Any idea and help will be appreciated.
 

The primary issue for a current source is its fidelity to the
master reference current. You have a Vds dependence
inherent to the MOSFET, from both the transition between
linear and saturation and from short channel effects.

Headroom goes more to the former. If the reference
device is a simple VDS=VGS MOS diode, then the current
source will dead-match only at VDS=VGS (Vbias), be
higher than reference at higher Vds (maybe not by
too much,
as long as you're not talking high accuracy requirements)
and lower at low Vds and much more so, because it is now
just a crudely controlled resistor. That's where your headroom
bind comes - gm*Rout just went in the tank, bias current
is below setpoint, all kinds of fun.

Cascodes enforce drain voltage matching on the lower,
"mirror" FETs and this is good. But once the guard FET loses
-its- VDS, that falls apart and the sensitivity comes right
back.
 
thank you very much for the reply.

correct me if i'm wrong, my idea of voltage headroom is, it is a some kind of margin wherein a signal can swing properly,
for example, if i have a 2 volts output in the load of my single NMOS current source, the signal can swing properly within the 2-Vdsat range, while if its connected with the improved current source, the signal can have a swing of 2-2Vdsat.

that's why improved current source has that disadvantage as compared with the single one..

i got confused is voltage headroom some kind of a voltage drop? or is it the supply-drop?
 

It depends on the circuit and its "values" - a regulator
output stage might have a load current, I*R headroom
which is a "can't get there from here" sort of limit. But
a precision circuit has more subtle demands, at perhaps
an earlier (more headroom-demanding) point (you are
going to lose linearity or fidelity well before you hit the
brick wall).
 
with that, can I conclude that the improved current source has a voltage headroom problem as compared with the single current source?
 

It (the simple one) will be "roughly right" to a lower voltage
but the cascoded ones will be more accurate over a wider
voltage range.

If you used a replica of the output as feedback you could
extend the range of "good enough" in the cascoded mirror,
but that will require gain and frequency-stabilization.

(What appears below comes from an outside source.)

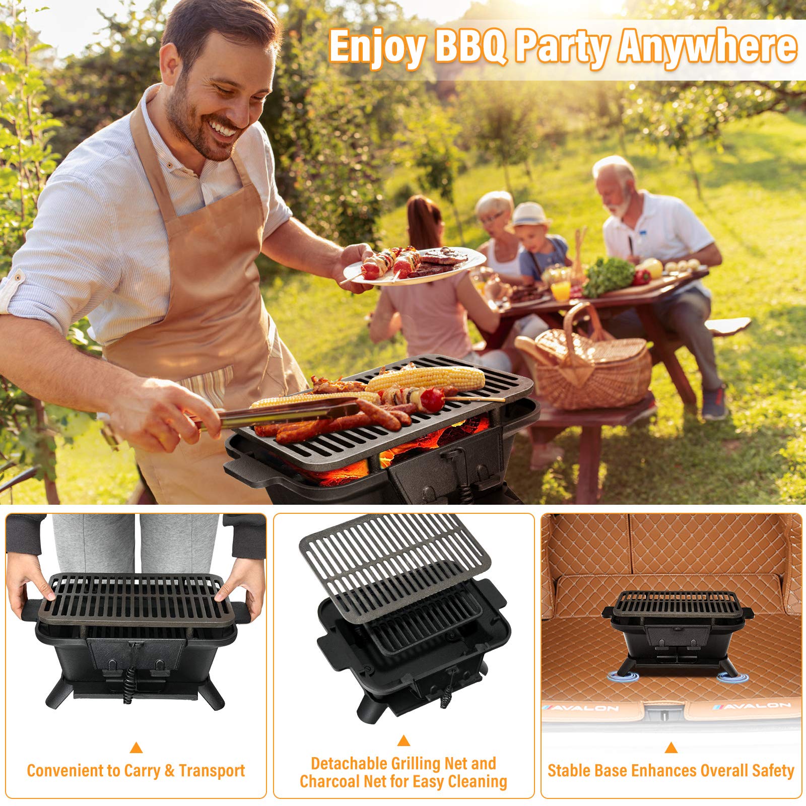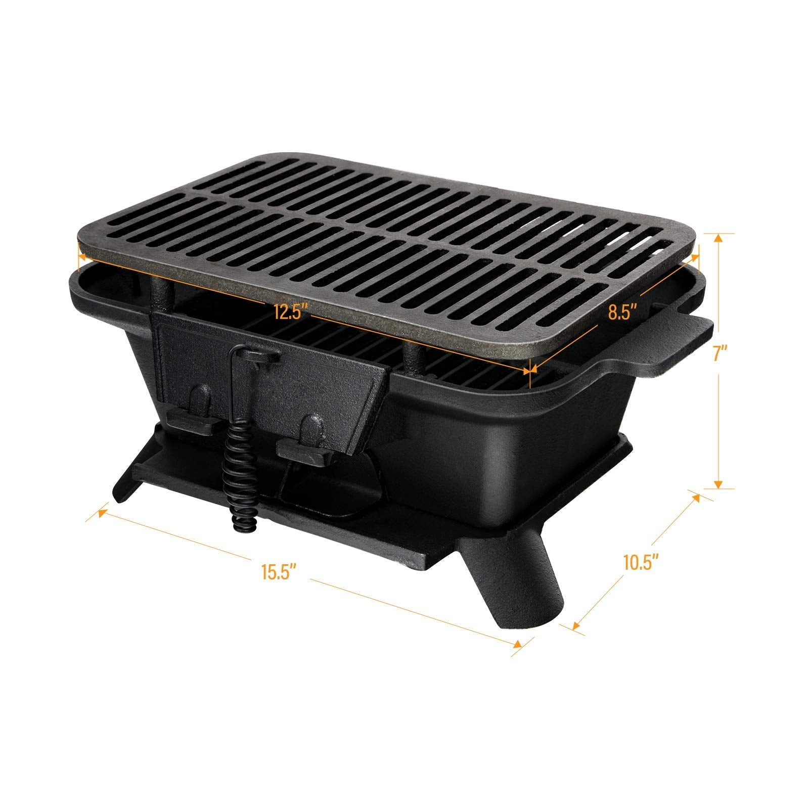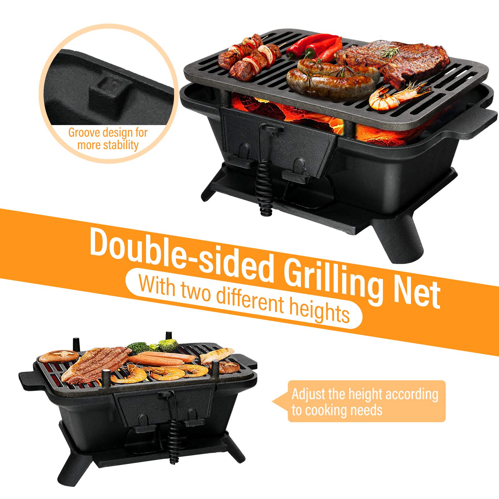 Enjoy the ultimate cookout and delicious food with this charcoal grill. Spacious cooking area allows you to cook plenty of delicious food, perfect for all sorts of outdoor activities from backyard parties to camping. Grilling net with two adjustable heights is designed to meet your different cooking needs, which can be used on both sides. Fire gate is considerately built to safely add and remove coal. Conforming to offer different flavors and tastes, the air regulating door helps to adjust the firepower.You just need to easily slide the door left or right. Use this charcoal grill for family gathering at the park, or with friends in the garden or backyard. The charcoal grill design keeps the most original flavor of meat to meet your desire for smoke taste. Surrounded by savory and delicious aroma, surely you will like the charcoal grill.

If your process has "intrinsic" (VTH~0) FETs available
then you can use these for the cascode guards and get
nearly the same headroom as the simple version.

A source-degenerated mirror can produce nearly as good
flatness / linearity as a cascoded mirror, at the cost of maybe
100-200mV headroom (the degeneration pedestal voltage)
and possibly better matching, but it will cost you the area
of a high value resistor per FET.
 

thank you for the reply.

honestly, i still got confused about this voltage headroom.
i thought it was as simple as saying that, the improved current source consumes twice as what the simple current source does.
that's why the resulting swing has been reduced.